The announcement came as Minnesota Department of Transportation officials said that they had hired a St. Paul contractor for the cleanup, expected to cost up to $15 million.
As thousands surveyed the bridge wreckage Sunday from the reopened Stone Arch Bridge, searchers reported finding no new victims to add to the list of five confirmed dead, and Minneapolis police arrested five people for crossing police lines to take photographs of the collapsed bridge and to collect souvenirs. "We need to send a message," Capt. Mike Martin said.
National Transportation Safety Board investigators have concluded that the collapse Wednesday probably did not begin on the bridge's south end and will begin focusing today on the north side, he said.
The federal investigation is being slowed by the danger the wreckage poses to emergency workers and investigators, said Mark Rosenker, chairman of the NTSB, during a news conference near the disaster site.
The 19 federal investigators assigned to the case are being extremely cautious in their work, he said.
"The collapsed bridge continues to get weaker and weaker the longer it sits there, because the integrity is gone," Rosenker said.
The NTSB has given MnDOT permission to begin removing cars, debris and the superstructure, which will be closely examined to find the exact point where the collapse began, Rosenker said.

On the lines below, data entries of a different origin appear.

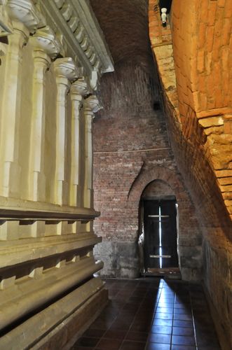 Au pied du temple se trouvent des inscriptions en langue cinghalaise et tamoul qui rendent hommage aux initiateurs de ce projet et aux rois qui ont rendu possible l'érection de ce lieu de culte. Pas moins de cinq divinités sont vénérés en ce lieu : Upulvan (dieu veillant sur le Sri Lanka), Ganapathi (aussi appelé Ganesh, et dieu de la réussite et de la sagesse), Saman (accompagnée d'un éléphant, cette déesse est l'une des gardiennes de l'île et du bouddhisme au Sri-Lanka), Vibhishana (ancien roi de Lanka dans la légende Ramayana) et Kumara Bandara (père de Veediya, commandant en chef du royaume de Kotte sous le règne du roi Bhuvanaikabahu VII de Kotte). Grâce à Chaminda, qui est ici connu comme le loup blanc, nous nous faisons ouvrir les portes du déambulatoire (ci-dessous) habituellement fermées. Cet endroit rassemble un temple hindouiste à l'intérieur même du temple bouddhiste de Lankatilaka Vihara. Et Chaminda de me rappeler qu'un temple bouddhiste est constitué de quatre parties : le stupa (qui contient des reliques de Bouddha), la maison d'images (qui offre des représentations imagées de Bouddha), l'arbre sacré bodhi (où l'on dépose ses voeux) et le monastère (qui abrite les moines). Le monastère du présent temple se trouve cette fois en contrebas du bâtiment principal et est dissimulé dans la végétation. Quant à la maison d'images de Lankatilaka Vihara, elle impressionne par ses peintures raffinées et colorées de bouddhas sur les murs et au plafond.
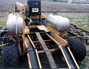 Scheetz has set a goal of raising 300 bu. per acre corn next year, which requires a lot of nitrogen fertilizer. To accomplish this he's equipped the planter to convert anhydrous ammonia into liquid fertilizer right in the field. A heat exchanger injects anhydrous ammonia into a reactor, along with a water pump which injects water into the reactor. This mixture is then converted into a liquid nitrogen form. The liquid nitrogen is delivered through hoses and injected into the ground 1 1/2 in. off to the side and 3 in. below the seed openers. Redball monitors let him keep an eye on the amount of fertilizer going to each row.
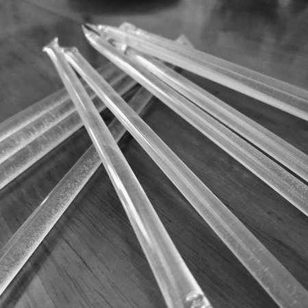 Colored plastic tubules for drinks. Wooden sticks for stirring drinks.
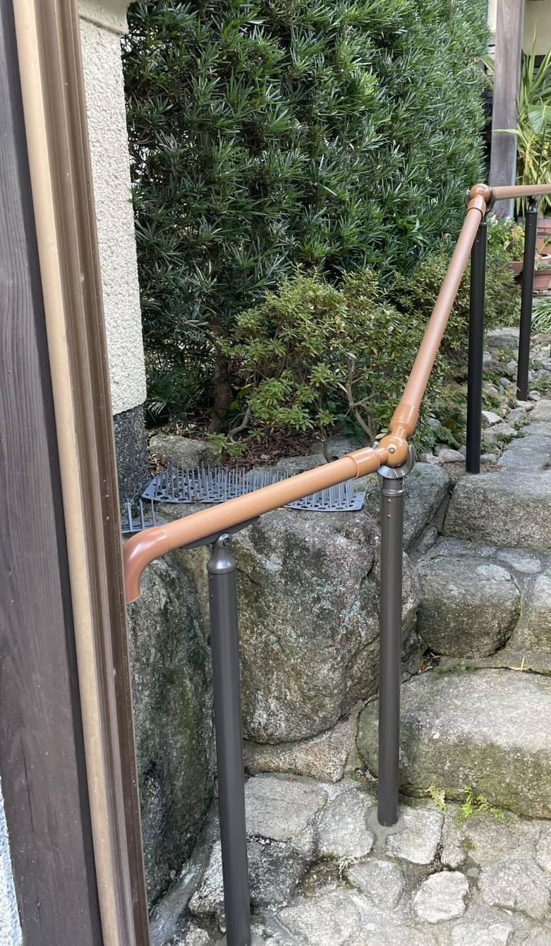 玄関の階段に手すりを施工させていただきました。 LIXIL グリップライン 38⌀樹脂タイプ:S-TOEXブラウン色 埋込柱:オータムブラウン色 石...
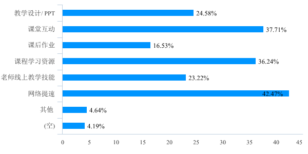 由于数学类课程特点,学院学生平时更多接受的是传统课堂教学,对线上教学接触相对较少。从同学们对于线上教学认可度的调查数据看,对于线上教学特别感兴趣的仅占9.51%,较为感兴趣占34.88%,兴趣一般的占47.68%,说明学生对于线上教学方式的认可和接受还有一个较长的过渡过程。
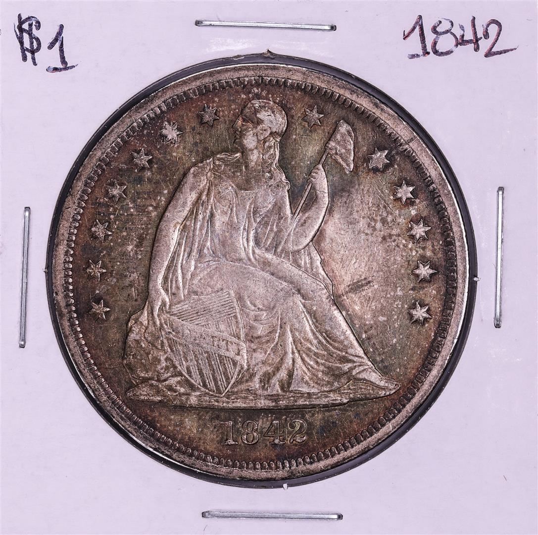 One 1842 $1 Seated Liberty Silver Dollar Coin.
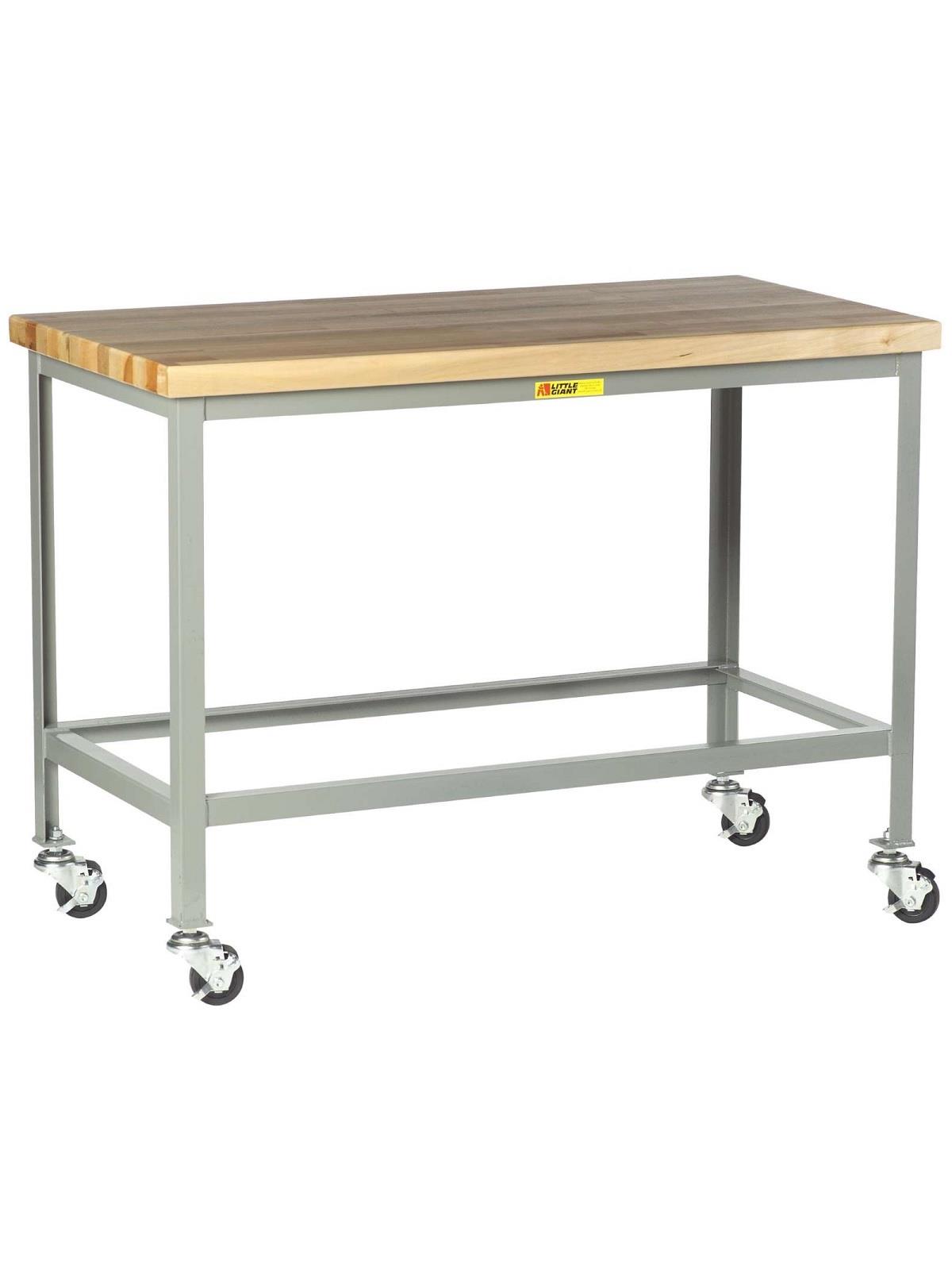 1-3/4" thick Butcher Block Top on welded steel frame for long lasting durability. Fully assembled and ready to use. FOB Shipping Point.
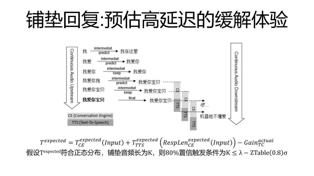 这里面一个优势就是,其实用户的这个“宝”字刚落下来的时候,经过一个简单的对策,对话的引擎就已经可以开始计算我应该怎么回答“我爱你宝贝”这句话,因为图中的这六条线都在进行平行的计算。等到它确定最后这三个平行的预测全都是正确的时候,它只需要等到这三个回答的计算中最快的那一个结果就可以了,因为它们算的其实都是同一个问题。这无形中就可以让人和AI进行语音交互时候,AI有机会能更快地去给你一个回复,而这个对于一个交互的自然度、流畅度是非常重要的。从我们后台的数据可以看到,哪怕机器的平均回答速度平均起来能快100毫秒,100毫秒其实对于人的感觉来说几乎是感觉不到的,会觉得1/10秒,人是感觉不到。但是只要AI的回答速度能快那么1/10秒的话,那么人类就会很明显地更愿意跟这个机器人聊得更长,我们可以通过像A/B test这样的东西能看到这样的结果。这个就是说,事实上对于人机的语音交互来说,速度是一个非常非常重要的环节。我们有了这种连续识别语音语言的预测,再加上平行的处理,就可以让机器,让AI回答得更快,也能让这整个人机交互变得更加流畅。
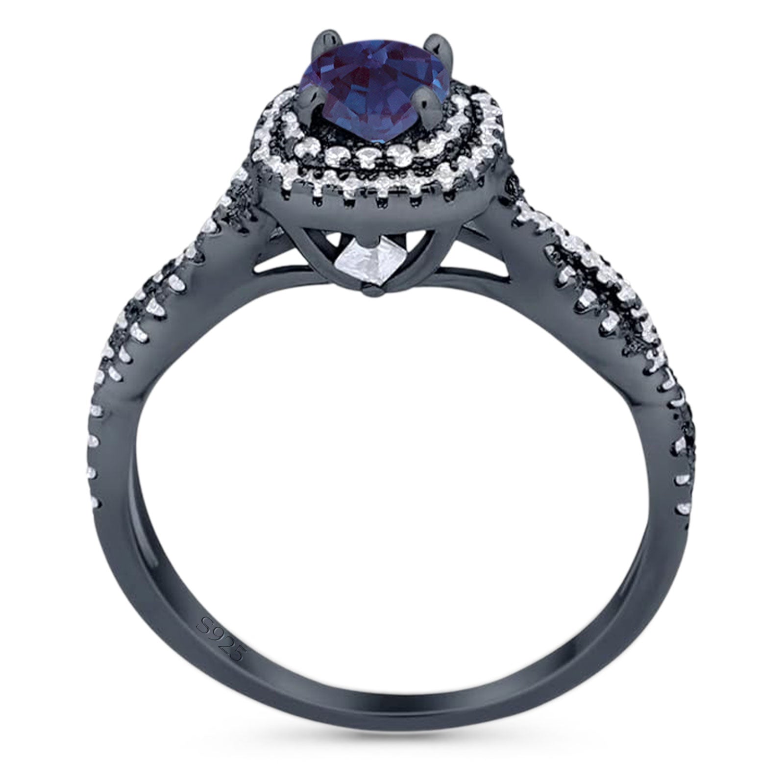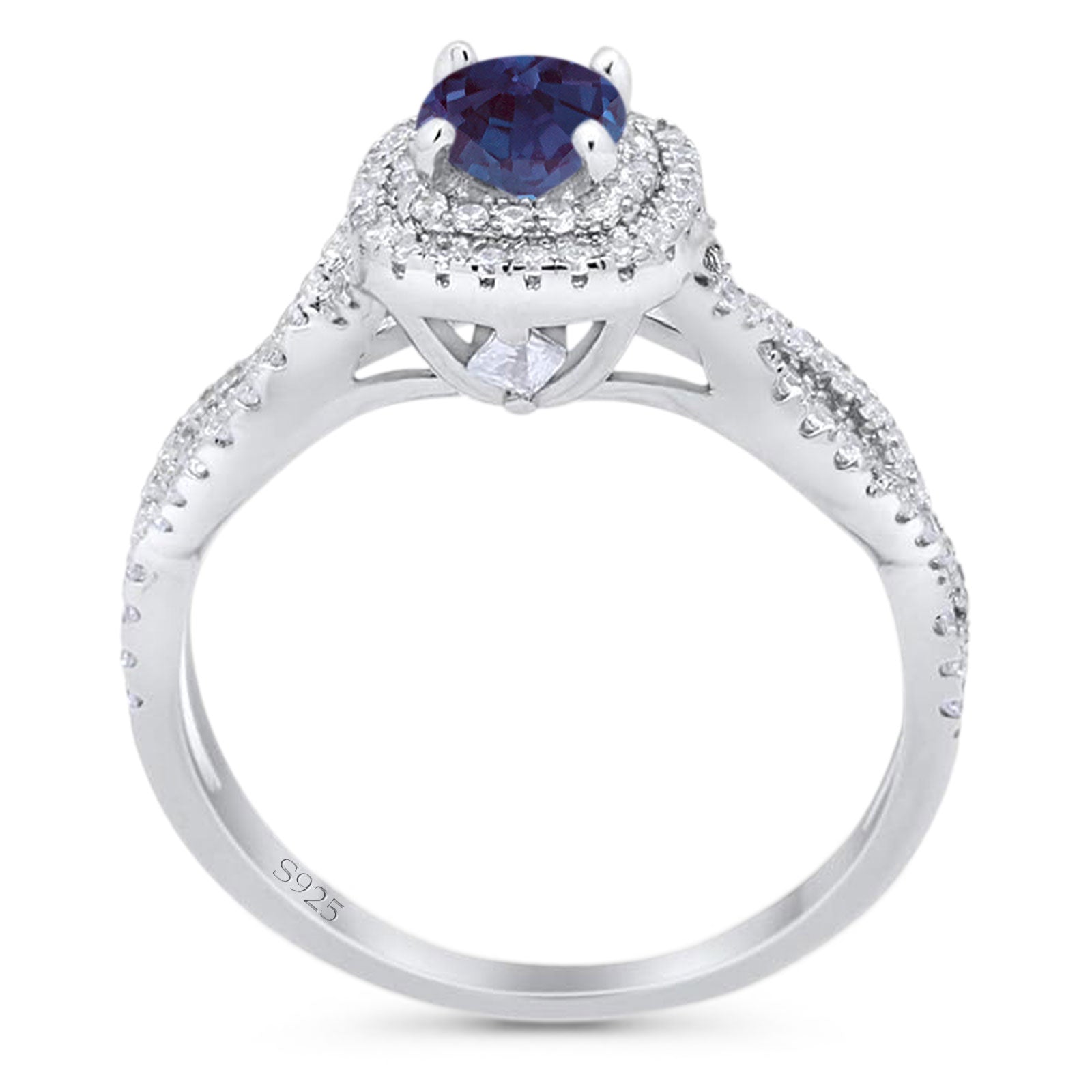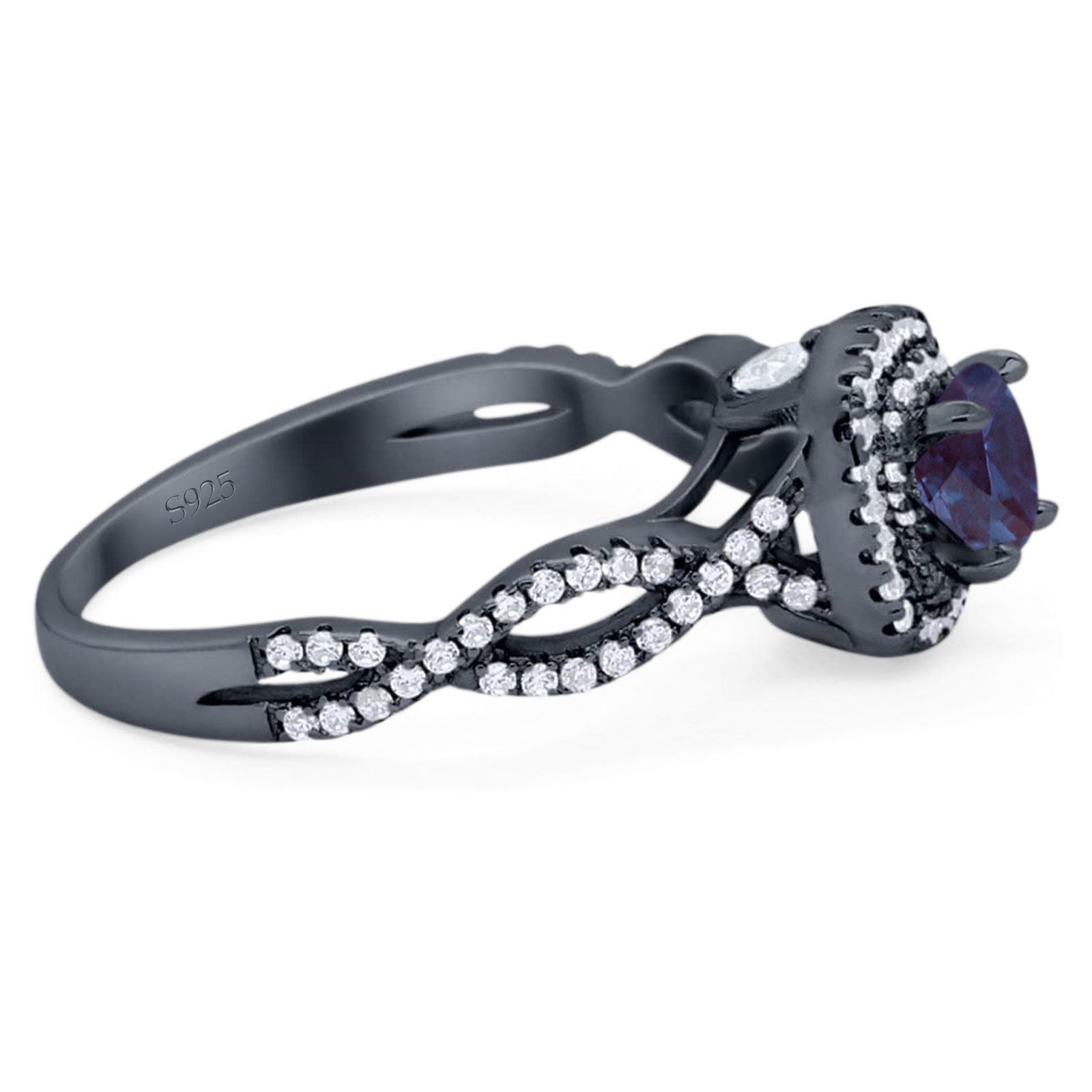 Art Deco Round Lab Alexandrite Infinity Shank Twisted Ring 925 Sterling Silver

MnDOT has hired Carl Bolander & Sons Co., of St. Paul, for the cleanup.
"It's going to be a slow, tedious process," said Terry Zoller, MnDOT's project manager for the debris removal. "It's not just a matter of taking pieces out and throwing them on a barge.
"The first priority will be recovery of the dead."
The work could involve dozens of workers and as many as four cranes and two barges, said Mike Koob of Wiss, Janney, Elstner, an Illinois-based forensics firm that is investigating the collapse for MnDOT.
"This is still a recovery effort ... and it will be focused on finding those who are missing," said Bob McFarlin, assistant to MnDOT Commissioner Carol Molnau.
The investigation
NTSB investigators will use a sophisticated computer program, updated by a former University of Minnesota student, to try to figure out how the bridge failed, Rosenker said.
The agency has collected an extraordinary amount of data for its investigation, including weather records dating at least 40 years, as well as preliminary information from the construction company on the materials and equipment that were on the bridge at the time of the collapse.
Photos at the time show a sand pile, a tanker truck and a concrete mixer on the bridge.
Rosenker said the weather data could prove significant because it would indicate possible patterns of the bridge's expansion and contraction history. All of the information, including weights, weather data and construction history, will be run through the model.